[Python-3000] PEP 3124 - Overloading, Generic Functions, Interfaces, etc. (original) (raw)

Phillip J. Eby pje at telecommunity.com
Wed May 2 06:04:35 CEST 2007


At 02:50 PM 5/2/2007 +1200, Greg Ewing wrote:

Phillip J. Eby wrote: > The PEP lists five built-in decorators, all of which support this behavior:: > > @overload, @when, @before, @after, @around

This seems massively over-designed. All you need is the ability to call the next method, and you can get all of these behaviours. If you call it first, then you get after behaviour; if you call it last, you get before behaviour; etc.

Yep, that was my theory too, until I actually used generic functions.

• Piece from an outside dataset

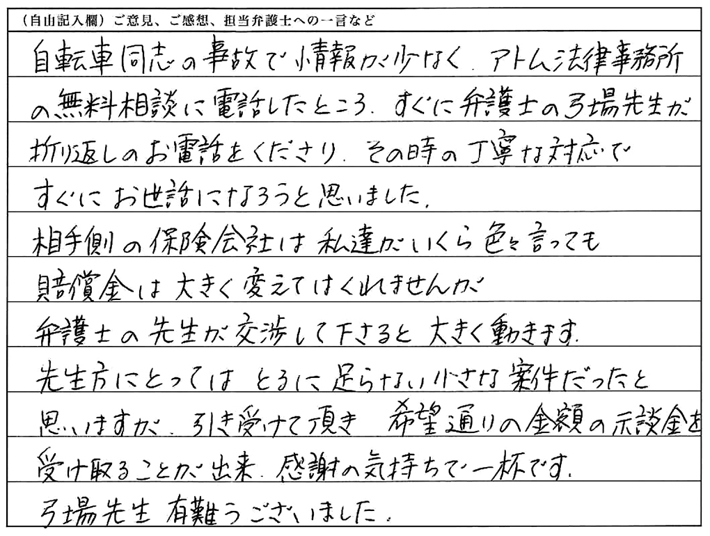 自転車同士の事故で情報が少なく、アトム法律事務所の無料相談に電話したところ、すぐに弁護士の弓場先生が折り返しのお電話をくださり、その時の丁寧な対応ですぐにお世話になろうと思いました。相手側の保険会社は、私達がいくら色々言っても賠償金は大きく変えてはくれませんが、弁護士の先生が交渉して下さると、大きく動きます。先生方にとってはとるに足らない小さな案件だったと思いますが、引き受けて頂き希望通りの金額の示談金を受け取ることが出来、感謝の気持ちで一杯です。弓場先生、有難うございました。

As it happens, it's:

  1. a lot more pleasant not to write the extra boilerplate all the time, and

  2. having @before or @after tells you right away the intent of the method, without having to carefully inspect the body to see when and whether it is calling the next method, and whether it is modifying the arguments or return values in some way.

In other words, the restricted behavior of @before and @after methods makes them easier to write and easier to read.

By the way, if you look at the PEP, you'll find motivating examples for each of the decorators, as well as an explanation and examples of when and how you might want to create even more such decorators.

IIRC, CLOS has about 8 more kinds of method combinators that come standard, including ones that we'd probably spell something like @sum, @product, @min, @max, @list, @any, and @all, if it weren't for most of those names already being builtins that mean something else. :) The PEP doesn't propose implementing all of those, but it does show how easily you can create things like that if you want to.